* [RECORDS FOR PROCESSING]:
· · · · ·

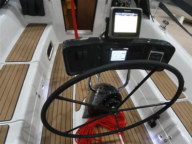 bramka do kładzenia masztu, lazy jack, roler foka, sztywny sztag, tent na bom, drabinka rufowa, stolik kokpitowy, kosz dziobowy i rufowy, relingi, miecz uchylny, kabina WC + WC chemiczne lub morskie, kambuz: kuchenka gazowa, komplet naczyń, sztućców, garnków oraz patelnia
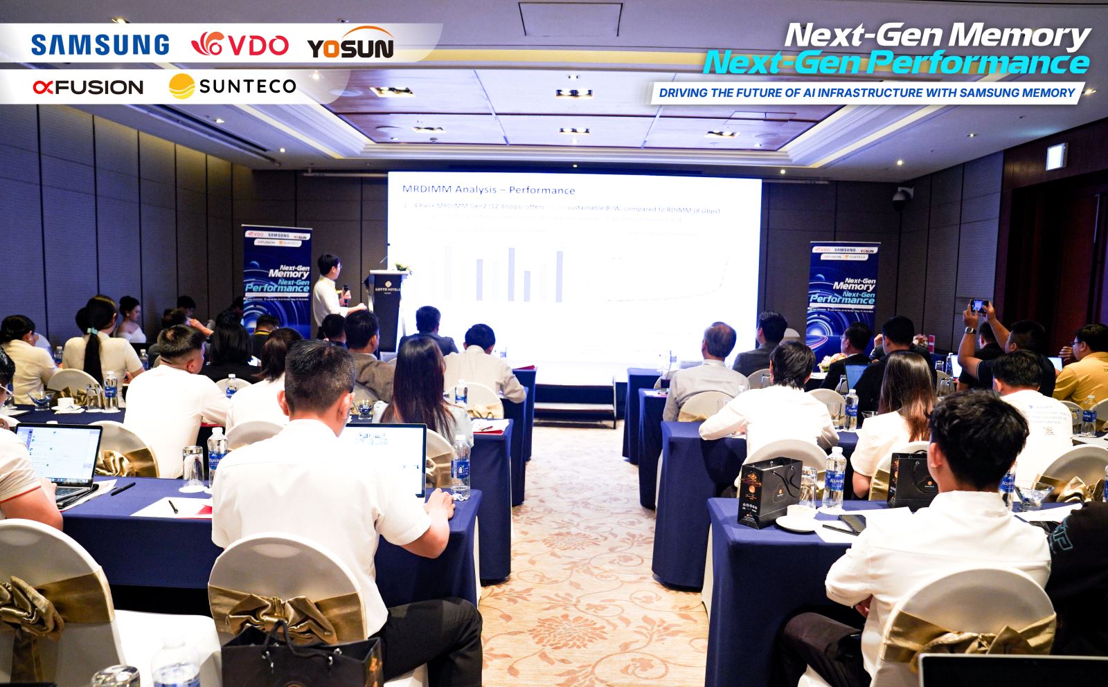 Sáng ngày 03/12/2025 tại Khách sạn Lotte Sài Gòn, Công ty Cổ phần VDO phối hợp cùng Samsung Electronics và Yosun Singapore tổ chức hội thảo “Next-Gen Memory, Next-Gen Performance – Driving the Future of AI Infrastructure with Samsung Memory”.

· · · · ·

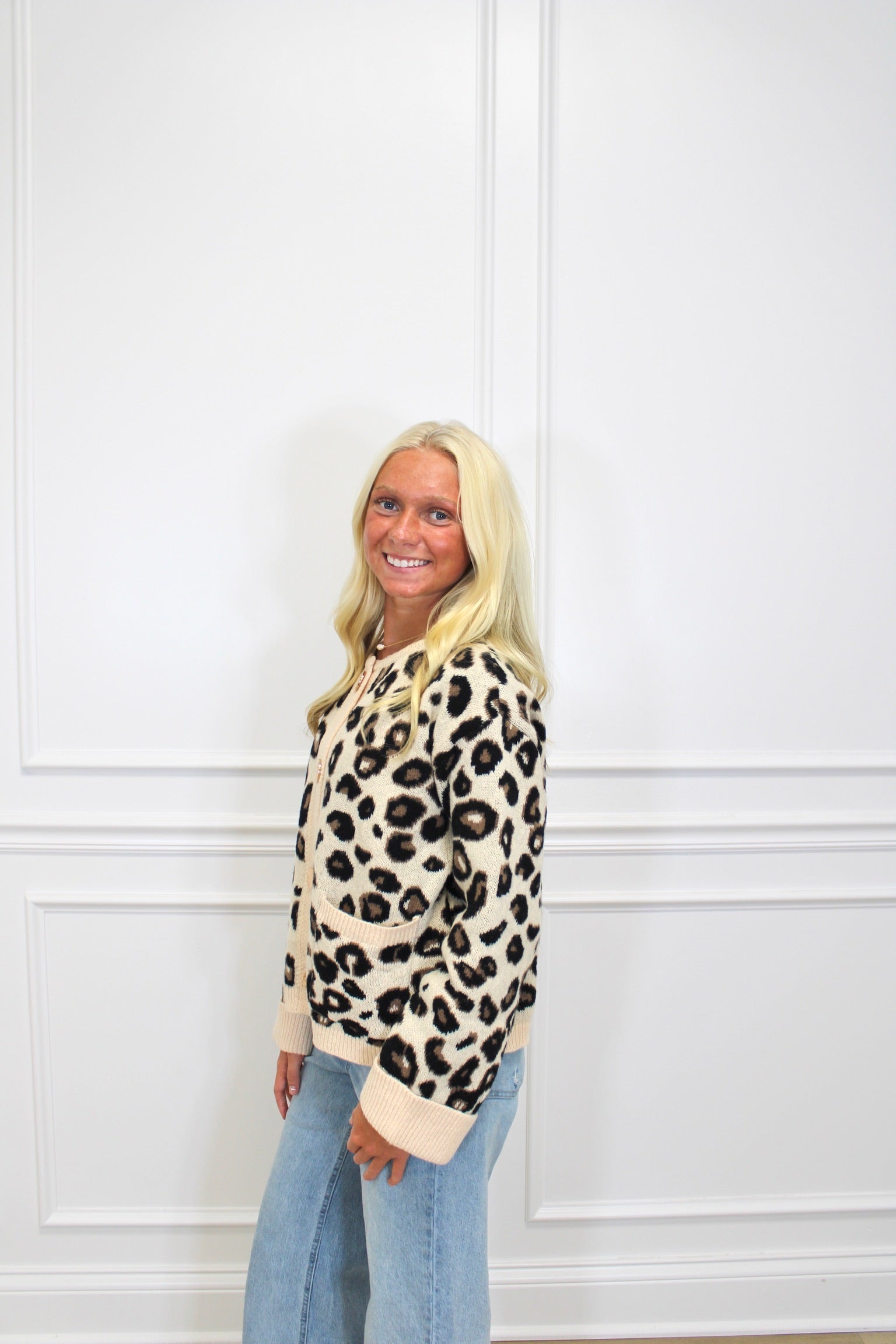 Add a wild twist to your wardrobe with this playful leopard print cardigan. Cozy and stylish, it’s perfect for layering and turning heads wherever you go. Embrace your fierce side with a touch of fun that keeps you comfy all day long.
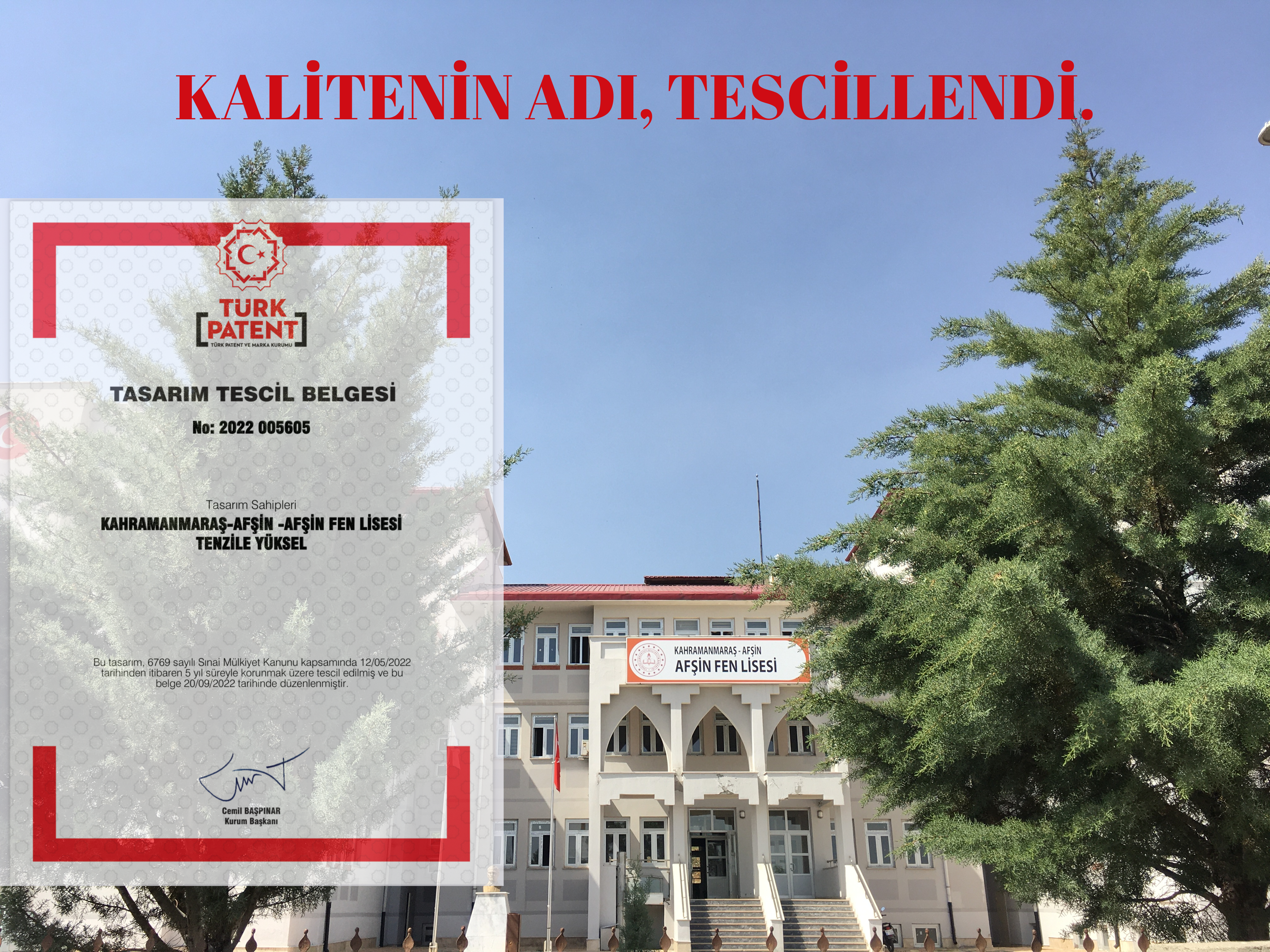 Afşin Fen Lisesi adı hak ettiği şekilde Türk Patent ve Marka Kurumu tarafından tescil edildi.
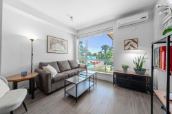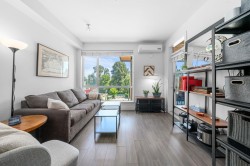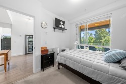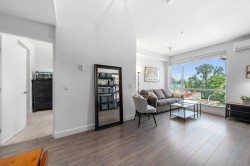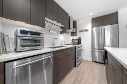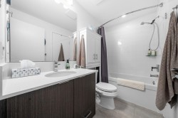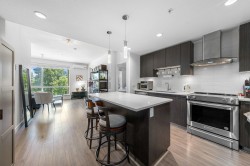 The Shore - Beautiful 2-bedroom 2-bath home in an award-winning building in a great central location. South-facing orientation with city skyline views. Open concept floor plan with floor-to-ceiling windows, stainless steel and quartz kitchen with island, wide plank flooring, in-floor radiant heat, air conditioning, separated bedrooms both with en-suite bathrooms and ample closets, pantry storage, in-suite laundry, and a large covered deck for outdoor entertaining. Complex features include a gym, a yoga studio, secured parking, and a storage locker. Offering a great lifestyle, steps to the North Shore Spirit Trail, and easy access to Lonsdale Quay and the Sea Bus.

· · · · ·

* [WORK TO COMPLETE]: In the material above, which lines fall between the one holding "Afşin Fen Lisesi" and the one holding "The Shore - Beautiful", inclusive? Print exactly those, with the pictures left out.

* [WRITTEN SOLUTION]:
 Afşin Fen Lisesi adı hak ettiği şekilde Türk Patent ve Marka Kurumu tarafından tescil edildi.
 The Shore - Beautiful 2-bedroom 2-bath home in an award-winning building in a great central location. South-facing orientation with city skyline views. Open concept floor plan with floor-to-ceiling windows, stainless steel and quartz kitchen with island, wide plank flooring, in-floor radiant heat, air conditioning, separated bedrooms both with en-suite bathrooms and ample closets, pantry storage, in-suite laundry, and a large covered deck for outdoor entertaining. Complex features include a gym, a yoga studio, secured parking, and a storage locker. Offering a great lifestyle, steps to the North Shore Spirit Trail, and easy access to Lonsdale Quay and the Sea Bus.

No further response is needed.